A practice has emerged in the settlement of class action disputes in which defendants seek a promise from class counsel not to commence any further claims against them in relation to the same or similar issues to those in dispute. Defendants perceive a need for such a promise in large-scale, commercial disputes where there is the possibility that class counsel may have become aware of the existence of other potential claims, as might occur through class counsel's consultations with potential class members. The promise — which may take the form of an agreement, covenant or undertaking not to sue — is seen as an effective mechanism to prevent class counsel from settling one claim only to start another, and thereby achieve a meaningful resolution to the dispute.

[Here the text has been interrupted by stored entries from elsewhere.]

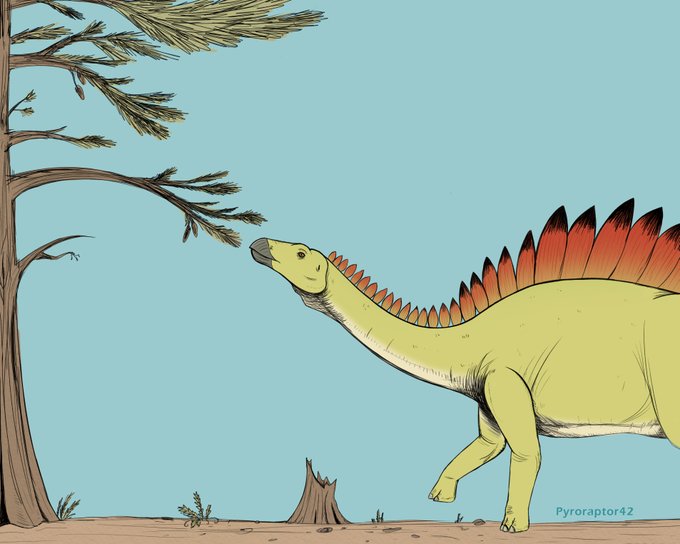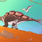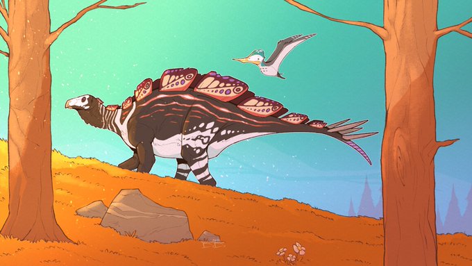 DINOVEMBER 🦕🦖 Day 6: A male Wuerhosaurus is walking up a ridge on a nice autumn day, along with a small female pterosaur known as Chaoyangopterus keeping him company 🍂🌳 *Colors based off of @Tytofi and @MoratoryTech ✨✨ #ArtistOnTwitter #paleoart #dinosaurs #Dinovember2021
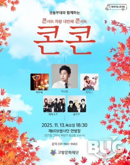 부울경문화뉴스 관리자 기자 | 고양문화재단은 오는 11월 13일 오후 6시 30분, 고양시 덕양구에 위치한 제60보병사단 연병장에서 [권율부대와 함께하는 콘서트 차량 네 번째 콘서트 ‘콘콘’]을 개최한다.
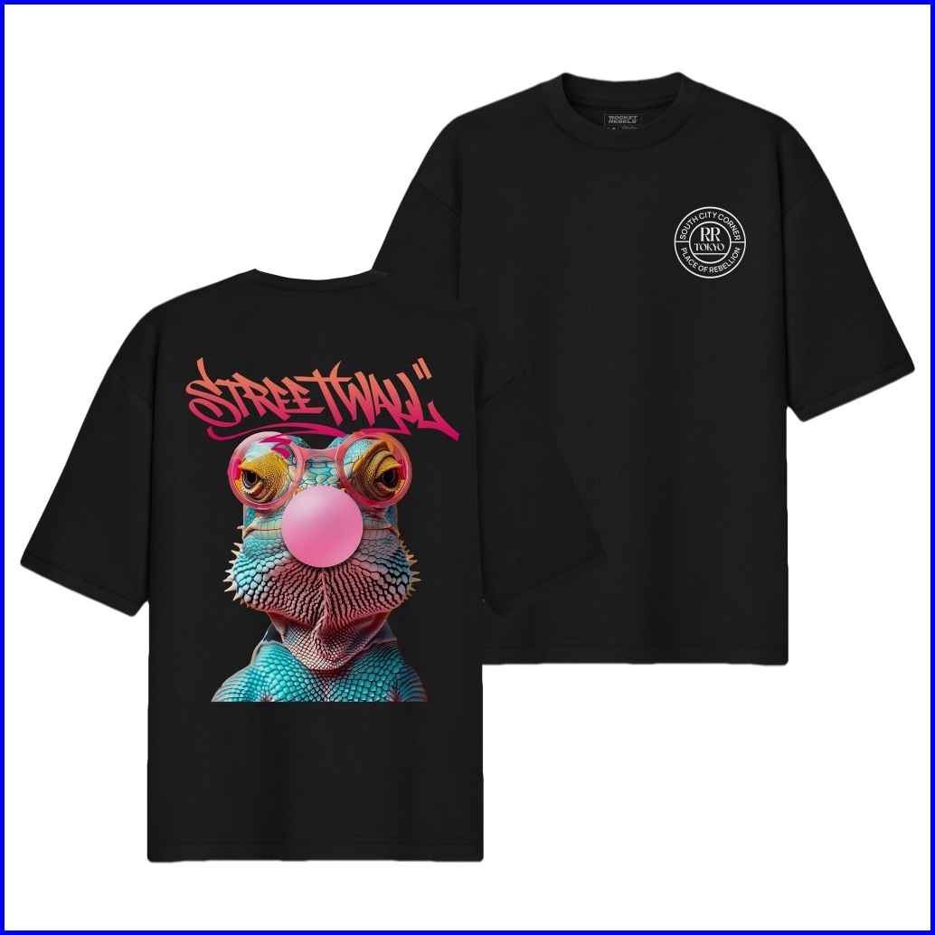 Rocketrebels T-shirt Oversized Black Streetwall Chameleon Premium Cotton24s
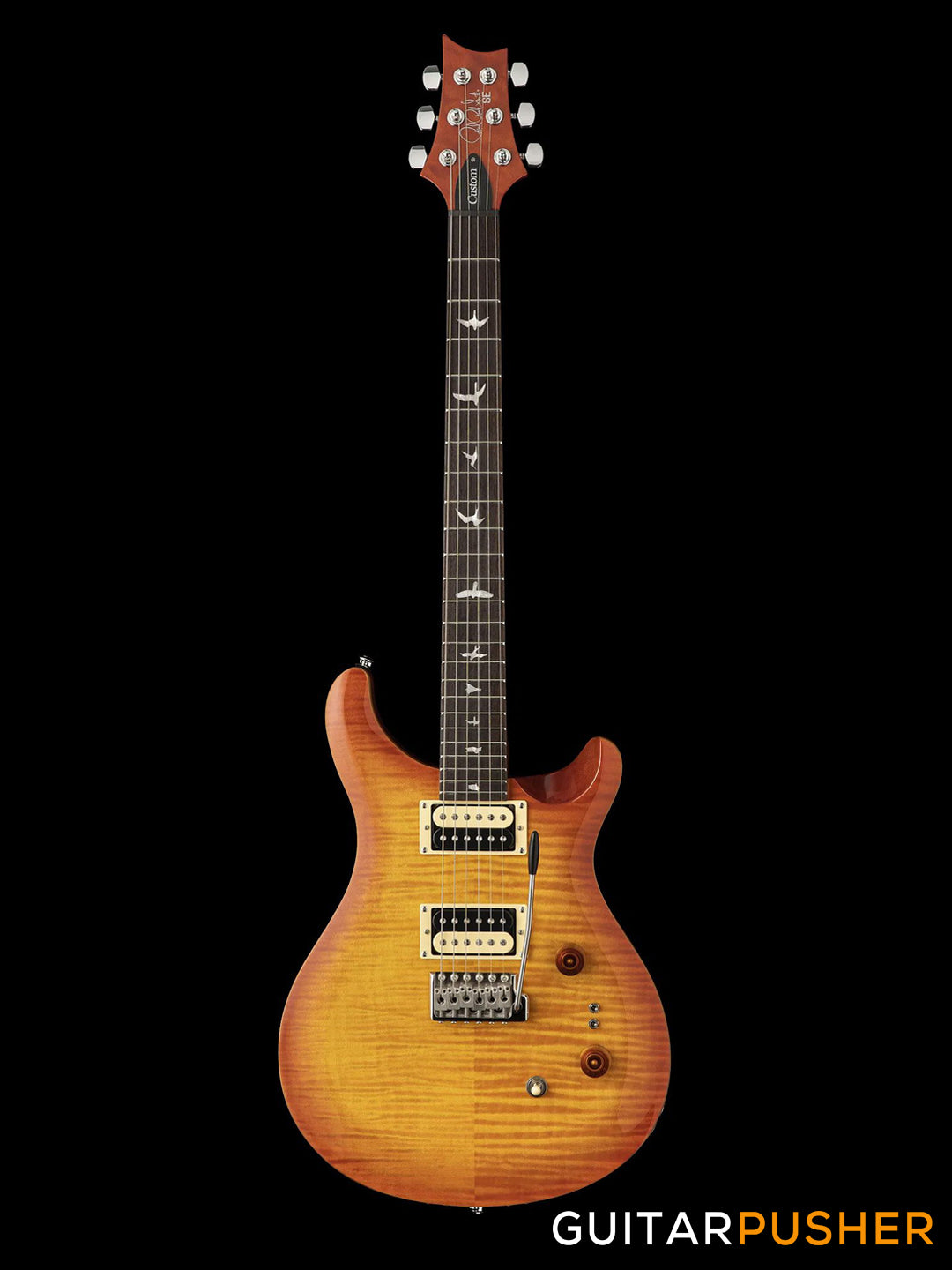The Custom 24 is the quintessential PRS guitar: the iconic guitar that started it all back in 1985. The Custom 24-08 keeps all the foundational specs of the instrument, while taking the Custom platform to new sonic territories. Like the Core Series instrument, the SE Custom 24-08 features two mini-toggle coil tap switches that individually split the humbuckers into true single coils for a total of eight pickups configurations. Classic design elements include a maple top, mahogany back, rosewood fretboard, 24 frets, 25” scale length, bird inlays, signature headstock logo, and PRS patented tremolo.
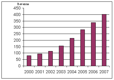圖1表明了2000年至2007年亞太新一代移動網(wǎng)絡市場的收入與增長。
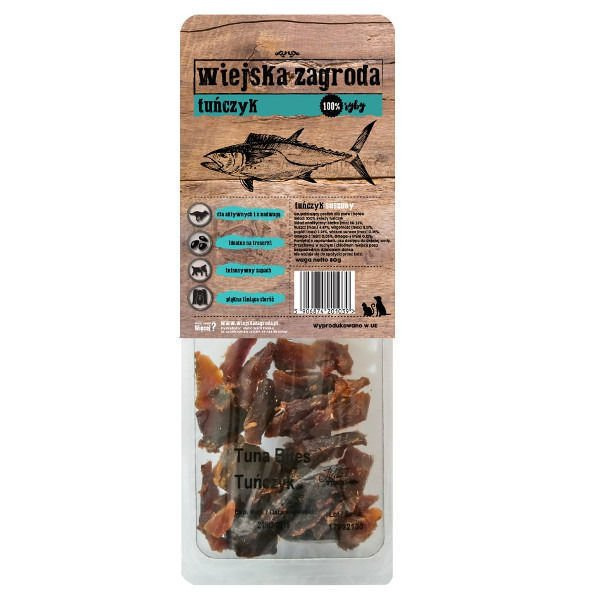 Wiejska Zagroda Tuńczyk firmy Alpha Spirit to miękki, suszony przysmak dla psów i kotów w każdym wieku. Jest pyszny, zdrowy i bez konserwantów. Przygotowywany tylko ze świeżych składników, pozyskiwanych od lokalnych dostawców z ekologicznych hodowli. Produkt jest zapakowany w hermetyczne opakowanie.

However, in some jurisdictions, it is unethical for a lawyer to propose or enter into an agreement that would restrict a lawyer's right to practise. Depending on where they practise, class action lawyers therefore face a potential ethical dilemma in the settlement of their clients' disputes.

The purpose of this article is to explore the ethical considerations that are raised by covenants not to sue in the class action context, to identify the benefits of their use, and to discuss some of the practical considerations that may arise in their negotiation, court approval and enforcement.

Ethical Framework

With one exception, Canadian rules of professional conduct do not deal explicitly with covenants not to sue. Nor is there any rule addressing the matter in Canadian class proceedings legislation. As a general rule, lawyers have an ethical duty to make legal services available to the public;1 but only the Law Society of British Columbia ("LSBC") has gone the further step of prohibiting agreements that restrict a lawyer's right to practise. Introduced in October 2006 to the LSBC's Professional Conduct Handbook,2 chapter 4, rule 7 provides as follows:

Restricting Future Representation

7. A lawyer must not participate in offering or making an agreement in which a restriction on any lawyer's right to practise is part of the settlement of a client lawsuit or other controversy.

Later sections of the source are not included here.